Outflows of foreign funds from Brazil's Bovespa spike on tax change
* Removal of tax on bonds led to outflows from stocks
* Higher interest rates make bonds more attractive
* Net foreign outflows hit high for the year on June 5
By Asher Levine and Danielle Assalve
SAO PAULO, June 7 (Reuters) - Net outflows of foreign funds from Brazil's Bovespa stock exchange totaled 1.33 billion reais on Wednesday, the highest figure recorded this year, according to data released by exchange operator BM&F Bovespa SA on Friday.
The exit of foreign investors came on the day Brazil's government removed a 6 percent tax on foreign investment in local bonds, which led to a 2.26 percent one-day decline in the benchmark Bovespa index.
Analysts cited a number of reasons for the departure of foreign funds, including the unwinding of positions meant to get around the tax, known as IOF.

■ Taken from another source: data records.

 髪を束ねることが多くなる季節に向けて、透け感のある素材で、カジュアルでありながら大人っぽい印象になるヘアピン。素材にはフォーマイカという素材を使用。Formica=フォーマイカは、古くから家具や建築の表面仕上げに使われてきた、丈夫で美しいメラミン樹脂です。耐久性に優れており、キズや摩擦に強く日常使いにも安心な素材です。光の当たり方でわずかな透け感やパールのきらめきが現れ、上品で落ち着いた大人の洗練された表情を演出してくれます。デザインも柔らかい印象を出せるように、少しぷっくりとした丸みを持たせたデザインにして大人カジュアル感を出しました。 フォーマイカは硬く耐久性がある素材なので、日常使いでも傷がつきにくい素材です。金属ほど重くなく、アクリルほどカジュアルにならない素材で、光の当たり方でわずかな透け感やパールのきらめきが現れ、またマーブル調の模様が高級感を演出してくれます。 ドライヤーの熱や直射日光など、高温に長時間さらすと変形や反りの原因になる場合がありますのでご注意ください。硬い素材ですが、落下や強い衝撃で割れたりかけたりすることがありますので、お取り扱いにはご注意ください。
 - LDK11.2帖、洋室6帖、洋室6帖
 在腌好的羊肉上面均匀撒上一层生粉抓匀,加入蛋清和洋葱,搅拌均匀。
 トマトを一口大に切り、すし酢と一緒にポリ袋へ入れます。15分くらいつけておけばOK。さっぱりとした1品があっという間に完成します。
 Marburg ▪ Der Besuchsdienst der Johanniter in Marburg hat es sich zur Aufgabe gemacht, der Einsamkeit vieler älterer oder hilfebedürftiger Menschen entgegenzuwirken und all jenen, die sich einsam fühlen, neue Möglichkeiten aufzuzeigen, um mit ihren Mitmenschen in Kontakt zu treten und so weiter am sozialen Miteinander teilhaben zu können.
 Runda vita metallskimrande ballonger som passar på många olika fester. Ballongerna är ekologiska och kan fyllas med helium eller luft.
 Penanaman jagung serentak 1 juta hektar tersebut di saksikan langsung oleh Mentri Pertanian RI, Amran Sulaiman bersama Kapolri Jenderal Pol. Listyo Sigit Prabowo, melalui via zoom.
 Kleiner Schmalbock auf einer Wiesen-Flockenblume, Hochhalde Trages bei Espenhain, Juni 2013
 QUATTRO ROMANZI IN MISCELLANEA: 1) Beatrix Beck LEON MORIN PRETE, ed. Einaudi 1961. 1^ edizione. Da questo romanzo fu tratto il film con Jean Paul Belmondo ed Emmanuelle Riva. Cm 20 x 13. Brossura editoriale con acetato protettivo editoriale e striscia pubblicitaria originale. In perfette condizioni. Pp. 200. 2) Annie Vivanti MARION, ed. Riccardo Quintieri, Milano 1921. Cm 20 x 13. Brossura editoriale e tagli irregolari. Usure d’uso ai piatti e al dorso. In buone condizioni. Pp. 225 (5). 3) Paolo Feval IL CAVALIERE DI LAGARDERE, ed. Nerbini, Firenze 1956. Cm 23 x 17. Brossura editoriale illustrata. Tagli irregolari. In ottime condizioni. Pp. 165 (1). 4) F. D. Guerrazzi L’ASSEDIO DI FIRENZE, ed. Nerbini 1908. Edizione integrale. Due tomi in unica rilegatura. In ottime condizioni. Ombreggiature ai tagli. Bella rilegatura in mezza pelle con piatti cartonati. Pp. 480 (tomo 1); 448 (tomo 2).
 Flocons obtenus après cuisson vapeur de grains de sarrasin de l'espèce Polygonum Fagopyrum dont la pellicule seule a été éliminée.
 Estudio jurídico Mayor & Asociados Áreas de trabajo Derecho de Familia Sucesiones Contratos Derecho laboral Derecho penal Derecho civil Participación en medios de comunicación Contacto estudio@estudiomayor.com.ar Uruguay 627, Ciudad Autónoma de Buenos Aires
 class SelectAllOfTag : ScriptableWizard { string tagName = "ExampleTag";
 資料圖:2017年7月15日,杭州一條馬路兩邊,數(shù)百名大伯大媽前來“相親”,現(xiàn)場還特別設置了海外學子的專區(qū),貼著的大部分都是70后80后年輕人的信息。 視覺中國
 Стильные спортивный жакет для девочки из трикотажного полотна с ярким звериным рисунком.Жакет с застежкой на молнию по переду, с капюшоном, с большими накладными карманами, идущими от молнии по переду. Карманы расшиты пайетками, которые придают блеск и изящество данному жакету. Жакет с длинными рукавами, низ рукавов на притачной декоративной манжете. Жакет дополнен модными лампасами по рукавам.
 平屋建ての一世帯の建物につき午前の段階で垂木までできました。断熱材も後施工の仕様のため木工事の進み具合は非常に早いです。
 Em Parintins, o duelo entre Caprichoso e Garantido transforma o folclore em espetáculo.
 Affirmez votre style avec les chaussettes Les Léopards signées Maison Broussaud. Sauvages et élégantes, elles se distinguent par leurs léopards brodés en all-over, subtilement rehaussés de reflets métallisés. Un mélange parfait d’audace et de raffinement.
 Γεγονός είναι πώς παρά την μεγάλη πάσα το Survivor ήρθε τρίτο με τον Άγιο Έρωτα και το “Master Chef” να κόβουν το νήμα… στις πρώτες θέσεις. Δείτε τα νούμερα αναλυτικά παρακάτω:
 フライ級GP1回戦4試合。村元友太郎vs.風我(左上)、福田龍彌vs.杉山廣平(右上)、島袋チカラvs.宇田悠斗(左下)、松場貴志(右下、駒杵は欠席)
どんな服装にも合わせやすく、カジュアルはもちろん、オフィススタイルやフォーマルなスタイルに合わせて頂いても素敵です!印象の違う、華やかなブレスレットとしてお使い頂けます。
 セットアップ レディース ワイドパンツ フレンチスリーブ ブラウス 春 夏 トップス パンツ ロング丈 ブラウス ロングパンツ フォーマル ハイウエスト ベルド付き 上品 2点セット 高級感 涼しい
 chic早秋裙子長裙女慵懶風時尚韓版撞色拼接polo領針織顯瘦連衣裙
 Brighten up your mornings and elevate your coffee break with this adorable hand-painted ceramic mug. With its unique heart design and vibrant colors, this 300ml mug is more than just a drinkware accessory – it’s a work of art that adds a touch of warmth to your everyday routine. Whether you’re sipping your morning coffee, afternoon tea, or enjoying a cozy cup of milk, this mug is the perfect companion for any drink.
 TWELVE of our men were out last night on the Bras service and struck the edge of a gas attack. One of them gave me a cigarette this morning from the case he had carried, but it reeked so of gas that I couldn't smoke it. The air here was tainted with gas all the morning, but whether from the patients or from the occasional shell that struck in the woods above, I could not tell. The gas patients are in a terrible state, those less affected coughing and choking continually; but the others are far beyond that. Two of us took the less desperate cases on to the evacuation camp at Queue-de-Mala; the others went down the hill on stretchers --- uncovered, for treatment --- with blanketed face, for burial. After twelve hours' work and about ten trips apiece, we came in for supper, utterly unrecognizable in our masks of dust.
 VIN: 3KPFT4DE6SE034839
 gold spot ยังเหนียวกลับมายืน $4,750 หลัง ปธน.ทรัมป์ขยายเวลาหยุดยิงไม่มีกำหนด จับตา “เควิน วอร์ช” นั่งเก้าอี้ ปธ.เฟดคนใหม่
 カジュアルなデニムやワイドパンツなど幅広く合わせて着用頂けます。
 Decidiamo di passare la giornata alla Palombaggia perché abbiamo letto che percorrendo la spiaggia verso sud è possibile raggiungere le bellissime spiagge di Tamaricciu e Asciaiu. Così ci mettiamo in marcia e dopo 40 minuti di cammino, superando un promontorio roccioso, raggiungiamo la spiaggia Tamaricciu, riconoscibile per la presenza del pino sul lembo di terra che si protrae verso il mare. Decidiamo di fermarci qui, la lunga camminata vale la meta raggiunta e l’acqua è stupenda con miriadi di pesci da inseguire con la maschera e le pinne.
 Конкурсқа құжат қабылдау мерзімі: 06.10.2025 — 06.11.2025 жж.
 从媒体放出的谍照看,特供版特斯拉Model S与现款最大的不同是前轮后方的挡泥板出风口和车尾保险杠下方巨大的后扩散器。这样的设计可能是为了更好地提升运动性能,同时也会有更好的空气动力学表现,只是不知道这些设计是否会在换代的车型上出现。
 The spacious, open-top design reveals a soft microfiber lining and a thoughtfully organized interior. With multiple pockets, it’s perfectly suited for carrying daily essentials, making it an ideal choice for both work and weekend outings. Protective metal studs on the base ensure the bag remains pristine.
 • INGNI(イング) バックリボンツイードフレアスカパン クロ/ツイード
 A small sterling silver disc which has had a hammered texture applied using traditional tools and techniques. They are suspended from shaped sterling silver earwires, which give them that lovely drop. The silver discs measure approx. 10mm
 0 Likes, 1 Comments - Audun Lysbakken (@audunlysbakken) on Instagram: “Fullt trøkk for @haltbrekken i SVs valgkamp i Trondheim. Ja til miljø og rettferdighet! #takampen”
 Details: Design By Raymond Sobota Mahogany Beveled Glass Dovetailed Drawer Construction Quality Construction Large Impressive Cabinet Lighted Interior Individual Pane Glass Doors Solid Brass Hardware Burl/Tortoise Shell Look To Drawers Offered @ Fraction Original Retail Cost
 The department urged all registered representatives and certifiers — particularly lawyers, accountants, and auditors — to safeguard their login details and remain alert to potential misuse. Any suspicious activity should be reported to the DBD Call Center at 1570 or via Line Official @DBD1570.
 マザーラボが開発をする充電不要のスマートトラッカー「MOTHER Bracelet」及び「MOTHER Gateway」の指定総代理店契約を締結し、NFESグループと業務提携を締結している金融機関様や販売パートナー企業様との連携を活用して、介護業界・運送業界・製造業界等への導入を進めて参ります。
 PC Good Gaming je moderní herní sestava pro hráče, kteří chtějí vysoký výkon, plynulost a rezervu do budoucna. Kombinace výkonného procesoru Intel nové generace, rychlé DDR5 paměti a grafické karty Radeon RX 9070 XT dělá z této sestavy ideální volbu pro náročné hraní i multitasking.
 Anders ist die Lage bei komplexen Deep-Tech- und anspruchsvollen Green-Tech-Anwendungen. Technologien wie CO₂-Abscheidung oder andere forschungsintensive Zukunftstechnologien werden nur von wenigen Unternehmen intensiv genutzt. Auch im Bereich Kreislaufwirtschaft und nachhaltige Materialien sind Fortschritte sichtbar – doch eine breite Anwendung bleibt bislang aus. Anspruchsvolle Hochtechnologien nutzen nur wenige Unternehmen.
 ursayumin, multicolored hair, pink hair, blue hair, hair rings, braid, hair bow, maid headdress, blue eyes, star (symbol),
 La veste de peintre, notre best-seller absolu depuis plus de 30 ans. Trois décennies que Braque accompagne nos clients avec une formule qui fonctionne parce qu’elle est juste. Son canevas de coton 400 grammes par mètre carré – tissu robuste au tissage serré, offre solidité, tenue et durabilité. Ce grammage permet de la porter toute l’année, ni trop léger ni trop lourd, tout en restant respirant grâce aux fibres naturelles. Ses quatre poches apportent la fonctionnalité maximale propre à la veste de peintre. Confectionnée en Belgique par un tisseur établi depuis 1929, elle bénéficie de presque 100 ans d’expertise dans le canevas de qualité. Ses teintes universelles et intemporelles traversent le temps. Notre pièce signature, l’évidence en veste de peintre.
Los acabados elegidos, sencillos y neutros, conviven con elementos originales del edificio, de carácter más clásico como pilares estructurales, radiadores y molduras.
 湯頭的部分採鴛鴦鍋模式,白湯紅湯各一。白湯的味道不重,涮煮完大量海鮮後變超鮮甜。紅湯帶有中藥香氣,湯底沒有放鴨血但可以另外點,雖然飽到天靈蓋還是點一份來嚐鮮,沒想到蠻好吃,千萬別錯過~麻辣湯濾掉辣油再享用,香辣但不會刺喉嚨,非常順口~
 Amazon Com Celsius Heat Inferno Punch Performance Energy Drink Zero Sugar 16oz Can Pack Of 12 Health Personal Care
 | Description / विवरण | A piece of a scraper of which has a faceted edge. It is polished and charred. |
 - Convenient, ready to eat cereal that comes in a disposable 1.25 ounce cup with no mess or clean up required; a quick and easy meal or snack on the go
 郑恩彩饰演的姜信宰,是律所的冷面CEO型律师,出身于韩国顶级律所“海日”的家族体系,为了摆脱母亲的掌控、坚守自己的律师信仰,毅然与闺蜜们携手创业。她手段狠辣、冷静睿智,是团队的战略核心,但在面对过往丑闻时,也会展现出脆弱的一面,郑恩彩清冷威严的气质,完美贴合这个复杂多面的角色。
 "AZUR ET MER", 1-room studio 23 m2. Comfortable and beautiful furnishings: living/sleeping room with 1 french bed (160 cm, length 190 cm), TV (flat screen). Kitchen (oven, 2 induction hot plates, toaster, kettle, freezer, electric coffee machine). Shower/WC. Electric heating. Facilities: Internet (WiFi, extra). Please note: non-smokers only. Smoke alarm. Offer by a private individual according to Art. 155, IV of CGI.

Previously, many foreign investors effectively avoided the tax by buying a stock and then building up an opposite short position in the futures market, allowing the investor to profit from the interest rate priced into the difference between the stock price in the spot and the future markets.
"Without the IOF on fixed income, those who traded off the difference between rates in the spot market and the futures market - the so-called 'cash and carry' operations - can now go straight to fixed income," said Luiz Roberto Monteiro, an analyst with brokerage Renascenca in Sao Paulo.
Brazil's central bank raised its benchmark interest rate by a half percentage point last week, a move that increased the attractiveness of Brazilian bonds compared with equities, analysts said.
"The movement (in stock flows) we're seeing now also has to do with the expectation for a reduction of bond purchases (by the Federal Reserve) in the United States and the resulting fall in liquidity, which emerging markets are going to feel more than others," said Alvaro Bandeira, a partner with Orama Investimentos in Rio de Janeiro, Brazil.
With the sharp decline on June 5, net foreign positions in the Bovespa fell to 6.56 billion reais. Foreign-held short contracts for the Bovespa index totaled 132,400, equivalent to nearly 7 billion reais.